During the Cultural Revolution, society was polarized between students and workers. At Tiananmen, both students and workers protested together, not without their differences, against the bureaucracy. Only a Leninist and Trotskyist party fighting for a proletarian political revolution could have bridged the gap between the demands for political democracy and social equality. But the workers groups did not go beyond upholding "democracy" as freedom from bureaucratic constraint. A revolutionary party that could instill the lessons of past struggles into the political consciousness of the workers was necessary.

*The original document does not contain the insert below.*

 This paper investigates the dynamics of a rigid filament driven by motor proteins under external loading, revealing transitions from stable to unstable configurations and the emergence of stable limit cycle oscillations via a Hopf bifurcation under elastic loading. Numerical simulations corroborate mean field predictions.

The two weeks during which the army refused to implement martial law were a critical juncture. There was a political vacuum. Even a tiny Chinese Bolshevik organization could have been decisive in 1989, especially during those two weeks. The nascent situation of dual power—in which working people were beginning to take control of the cities in their own hands—needed to be developed into a fight for political power. This would have meant struggling to transform the informal workers assemblies into workers councils open to all except openly counterrevolutionary tendencies.

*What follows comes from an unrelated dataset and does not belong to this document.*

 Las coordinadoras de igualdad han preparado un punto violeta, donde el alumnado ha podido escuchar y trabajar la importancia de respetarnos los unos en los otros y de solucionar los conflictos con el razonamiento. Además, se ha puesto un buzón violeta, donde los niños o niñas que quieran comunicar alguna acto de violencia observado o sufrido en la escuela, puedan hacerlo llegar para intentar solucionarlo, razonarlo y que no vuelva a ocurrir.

Lenin described soviets (workers councils) as "the direct organization of the working and exploited people themselves, which helps them to organize and administer their own state in every possible way." Migrant workers would be critical to help spread this type of organization into rural communities. Coordinated nationally, these organizations could have been the basis for a revolutionary regime of workers democracy counterposed to the Stalinists and pledged to fight to the death against capitalist restoration.

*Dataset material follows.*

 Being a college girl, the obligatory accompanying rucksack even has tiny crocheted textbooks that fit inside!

Because there was a lack of clear leadership, overtly reactionary elements were allowed on some occasions to make their voices heard, including some who raised slogans in favor of the Guomindang. Socialist aspirations were often mixed with great illusions in the U.S. and bourgeois democracy—exemplified by the "Goddess of Democracy" statue. But from the beginning, the protesters' demands, centrally for more democratic rights and an end to corruption, were egalitarian in nature and within the framework of a workers state. Workers marched into Tiananmen Square carrying pictures of Mao Zedong and Zhou Enlai, not Chiang Kai-shek.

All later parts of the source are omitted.